It’s been well over a year since I ended a vow of celibacy I undertook just over three years ago. I wanted to see what it was like not to have sex for a period of time. Fortunately, I was single (as I am now), so didn’t have to disappoint a boyfriend. 🙂
One thing which struck me when I talked about my decision with my gay male peers was how, while some commended my choice, most criticized it. I certainly understand the drive which underlies their criticism (now perhaps better than I did back then). And while I appreciate their standpoint, one thing which troubled me about many of these conversations was how all too many of my gay peers (and it oftentimes seems men in general) have limited the conversations on sexual restrictions to playing safe.
As if there should be no further limitations.

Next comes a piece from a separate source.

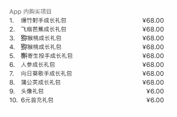 截至发稿前,《植物大战僵尸3》在苹果国区商店的“益智解谜”类别免费游戏榜单里排行第一,根据页面显示,《植物大战僵尸3》有10项游戏微交易项目,其中爆竹射手成长礼包、飞扇芭蕉成长礼包、猕猴桃成长礼包等8种礼包的价格为68元,头像礼包和6元首充礼包的价格为6元。

That idea struck me again when I read about how twenty-one years ago, Kevin Jennings handled his meeting with “Brewster.” He wanted to make sure the teen used condoms for intercourse. That’s a good thing, a very good thing, to tell sexually active individuals. But, it’s not all we should be saying. It seems most of us are like Jennings. We don’t want to discourage any sexual expression, provided, of course, it’s “safe.”
And this is where I’ve come down harshest on Jennings, that in the years since that encounter, while he has talked about it repeatedly, he never once questioned whether he should have encouraged “Brewster” to see sexuality as a means not just of physical intimacy, but of emotional intimacy as well. To be sure, he was young at the time and “cnihtwesende,” as I put it in a previous post, may then have had difficulty expressing this notion.
But, as he got older and continue to talk about the experience, having seen more of the world, wouldn’t he have developed a deeper understanding of our sexuality. Perhaps, he addresses that issue in his writings–which I’ll soon find out when the books I’ve ordered arrive.
Now, I know there are many gay men who do understand the emotional aspects of our sexuality, but sometimes it seems even they are reluctant to talk about it. Yet, talk about it we must if we want to have a serious conversation on gay marriage and convince skeptical straight people that we are serious about the institution.
For, a defining aspect of marriage has always been sexual exclusivity. And it’s important that we understand and communicate why that ideal serves a mainstay of the institution.